When I used to cut, I didn't want anyone to know about it. I guess they wanted people to care and to say everything will be okay. But bragging about it is a whole other thing. Self harming is never good, so why try and do it more or worse then others? :/

This is why I find people who are looking for attention "annoying" and then I don't even think annoying is the proper word for it. I just don't like the fact that so many people are suffering really badly from cutting and sit in silence without the help they need while these people more often then not brag about their cutting and are offered help but refuse to use the recourses they'd given. I find it sad. Obviously both people are hurting, that much I'll admit but at the same time I just find it ridiculous that these people, obviously looking for attention, brag about these things. As an ex-cutter myself, who suffered years before finally seeking help I almost feel it's a slap in the face to be completely honest.

CherriesBlossom February 9th 2011 11:17 PM

Re: Attention Cutting Vs. Being Open
 
Now what I am about to say is NOT meant to be offensive to anyone because I myself used to cut. However no matter if you cut and are seeking out for someone to notice or keeping it to yourself in the end isn't all just a cry for help and eventually wanting people to pay attention to your pain. Obviously most cutters would say I don't want anyone to notice but inside don't we all still want someone to care? I'm just talking from experience and don't know how anyone else feels but attention or not no one should pass judgement. Even if they have issue that in itself should be enough proof that they need help and might even be cutting and over exaggerating so that they can finally get help. They could even be borderlines. You never know.

Thats my rant on this little argument.

BeautifulDisaster96 February 9th 2011 11:20 PM

Re: Attention Cutting Vs. Being Open
 
I wouldn't call someone that is self harming and "attention seeking" as you've said annoying, and I think they really need help as much as those who are private about it. If someone was too lie about self harming and fake it just to seem cool or fit in I owuld not agree with that, because I feel that could take away from realizing that some for some it's a true struggle to overcome the urge to self harm.

As far as being open rather than private I think that's alright. While I was self harming I was very private about it, and didn't tell many people, but now that i've been free for a while I am very open with my experiences with anyone who asks. If I could help someone by sharing my struggles why wouldn't I?

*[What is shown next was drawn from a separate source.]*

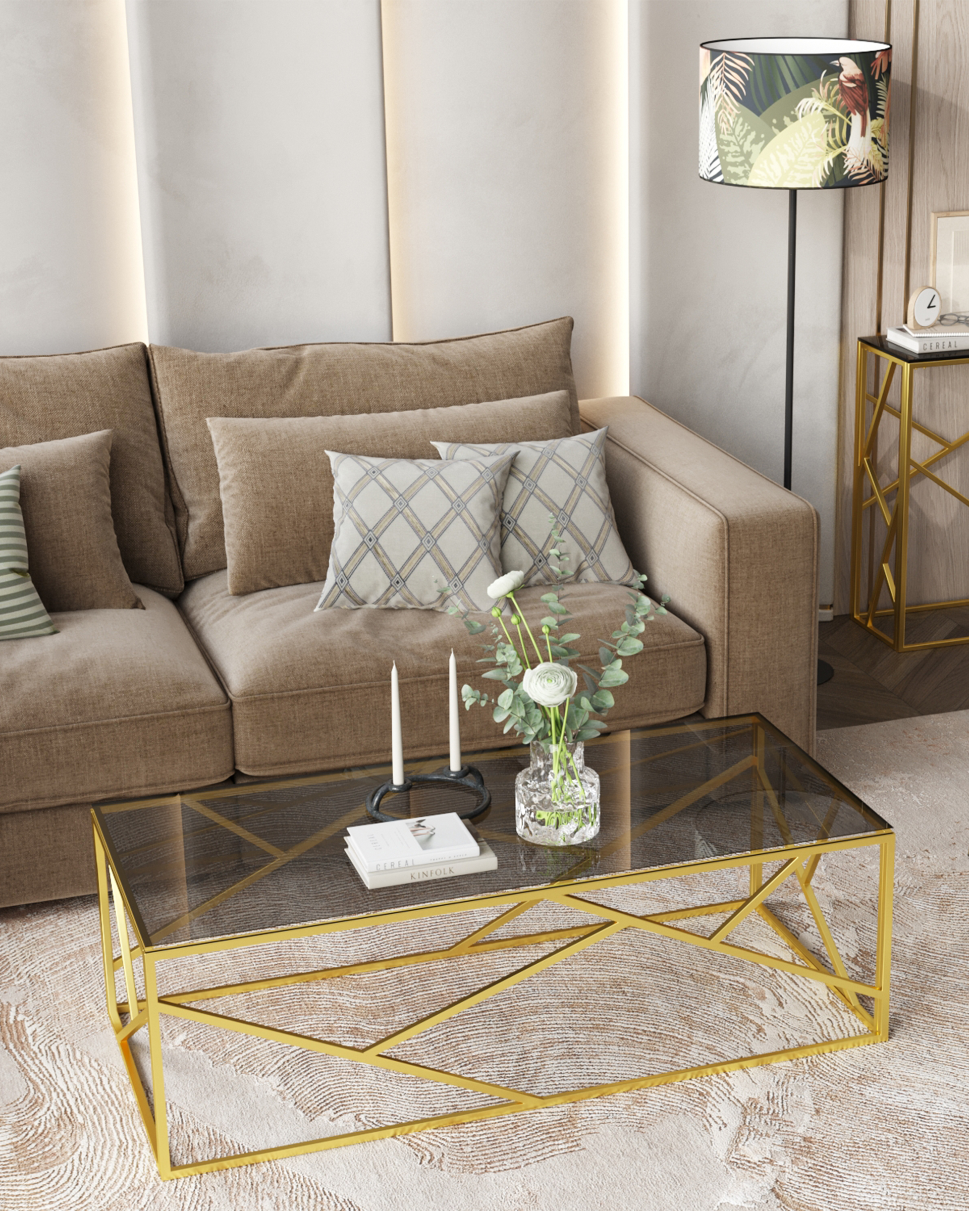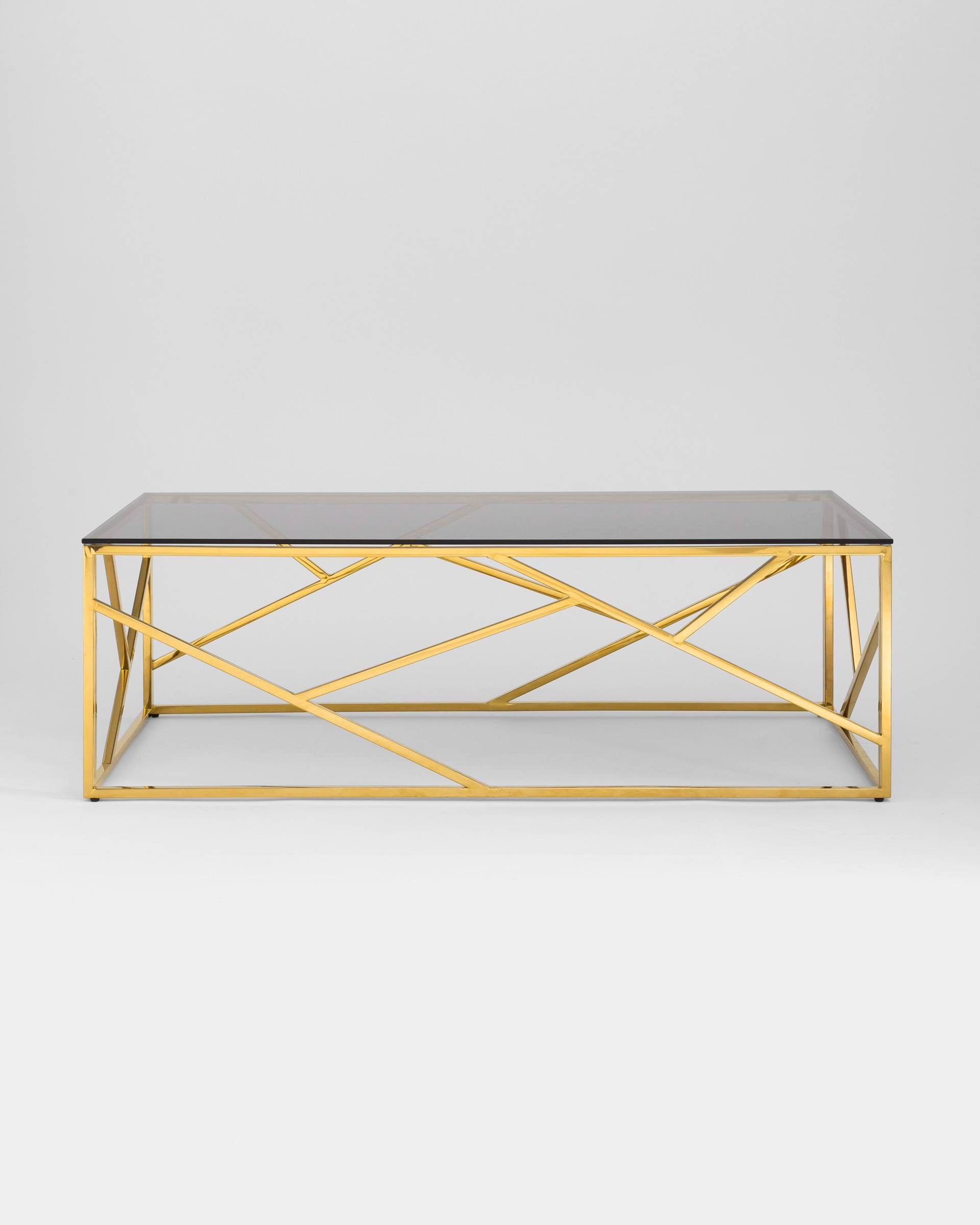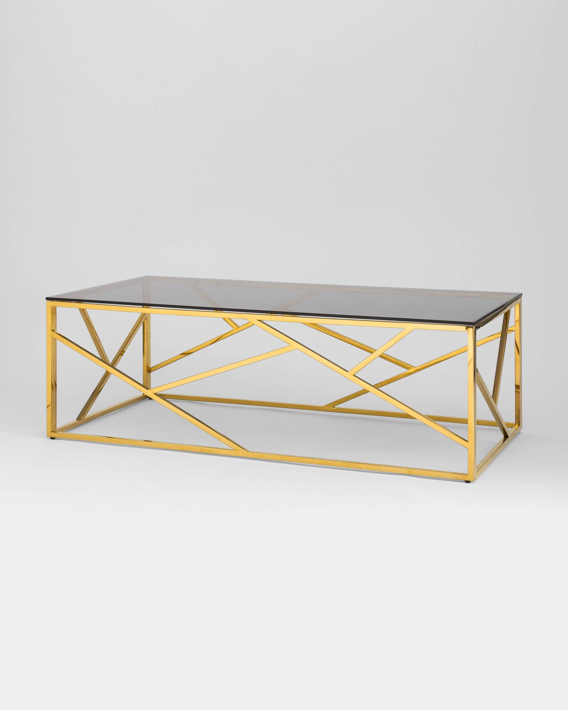 Стол журнальный 120*60 АРТ ДЕКО золото стекло smoke каркас нержавеющая сталь

For those of you bashing on the people "attention seeking" think first, because they might actually be struggling with things in their own life. Self harm in any way expressed needs attention and serious help.

Fineshrine February 9th 2011 11:23 PM

Re: Attention Cutting Vs. Being Open
 
That's why after I read what people said, I changed my view on this argument. But lying about self harming is a totally different story.

BeautifulDisaster96 February 9th 2011 11:28 PM

Re: Attention Cutting Vs. Being Open
 
Oh alright, just putting it out there since I feel so strongly on this subject. Yes it is, and it's wrong. That honestly annoys me, because the people who lie to fit in with a stereotype are the one's that make all self harmers seem like fake people.

Maloo February 9th 2011 11:31 PM

Re: Attention Cutting Vs. Being Open
 
Honestly, some of the things being said in this thread just disgust me. I don't even know how to respond to what's being said.